Try it: Write the entries out again exactly as they stand, but without the pictures.

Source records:
'''

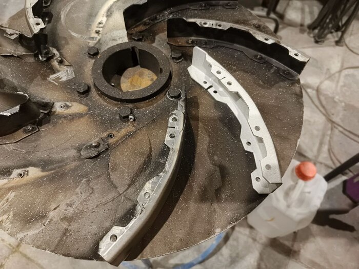 Часть лопастей загнуло, одну ваще вырвало и выкинуло. Короче, отсверлил одну, наиболее целостную и отпечосил её, чтобы не пачкаться. Окей. Следующий этап - курение апокрифов и моделирование в САПР:
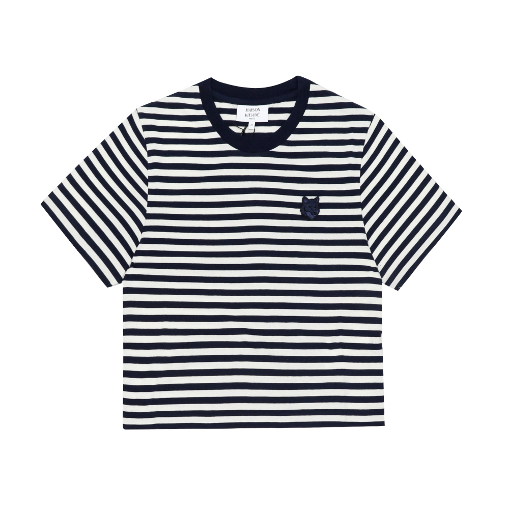 메종키츠네 OW00110KJ0008 0243 볼드 폭스 헤드 패치 멀티 스트라이프 여성 반팔티
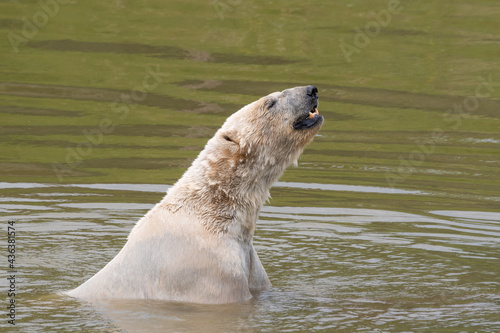 © Ian, Fototapeta premium Large Polar Bear Playing in Water
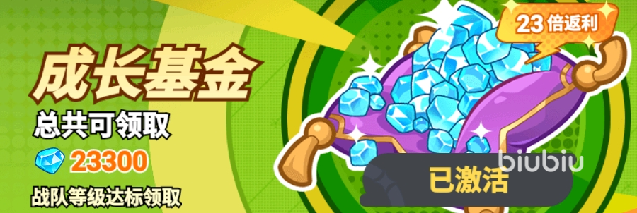 成长基金88元:战队等级达标后可领取奖励,共计能获得23300【钻石】。
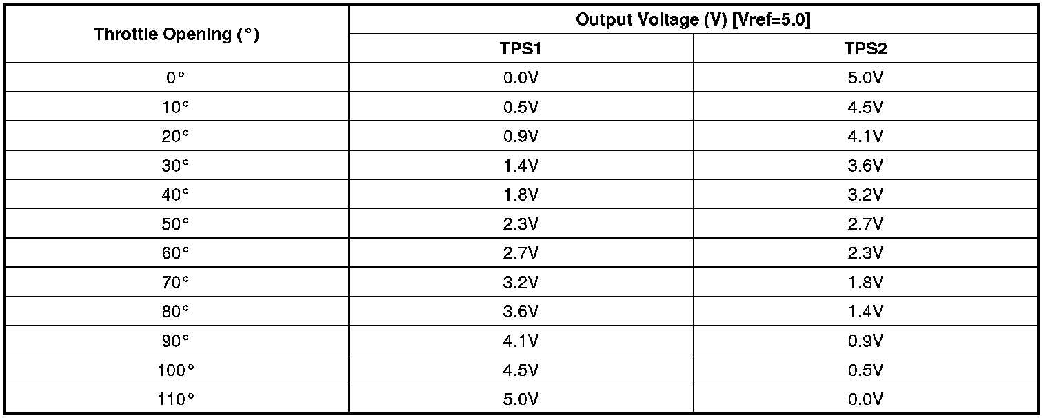 The Electronic Throttle Control (ETC) system is made of the components throttle body, Throttle Position Sensor (TPS) 1&2 and Accelerator Position Sensor (APS) 1&2. TPS1&2 are sharing the same source voltage and ground. The throttle valve opening is control by throttle motor which is controlled by Engine Control Module (PCM). The opposite position indicator shows inverted signal characteristics. TPS1 output voltage increases smoothly in proportion with the throttle valve opening angle after starting. TPS2 output voltage decreases in inverse proportion with the throttle valve opening angle after starting. TPS provides feedback to the PCM to control the throttle motor in order to control the throttle valve opening angle properly in response to the driving condition.
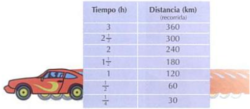 En la tabla anterior encuentra algunos cocientes entre la distancia recorrida por el auto movil y el timpo empleado.

'''

Output below:
 Часть лопастей загнуло, одну ваще вырвало и выкинуло. Короче, отсверлил одну, наиболее целостную и отпечосил её, чтобы не пачкаться. Окей. Следующий этап - курение апокрифов и моделирование в САПР:
 메종키츠네 OW00110KJ0008 0243 볼드 폭스 헤드 패치 멀티 스트라이프 여성 반팔티
 © Ian, Fototapeta premium Large Polar Bear Playing in Water
 成长基金88元:战队等级达标后可领取奖励,共计能获得23300【钻石】。
 The Electronic Throttle Control (ETC) system is made of the components throttle body, Throttle Position Sensor (TPS) 1&2 and Accelerator Position Sensor (APS) 1&2. TPS1&2 are sharing the same source voltage and ground. The throttle valve opening is control by throttle motor which is controlled by Engine Control Module (PCM). The opposite position indicator shows inverted signal characteristics. TPS1 output voltage increases smoothly in proportion with the throttle valve opening angle after starting. TPS2 output voltage decreases in inverse proportion with the throttle valve opening angle after starting. TPS provides feedback to the PCM to control the throttle motor in order to control the throttle valve opening angle properly in response to the driving condition.
 En la tabla anterior encuentra algunos cocientes entre la distancia recorrida por el auto movil y el timpo empleado.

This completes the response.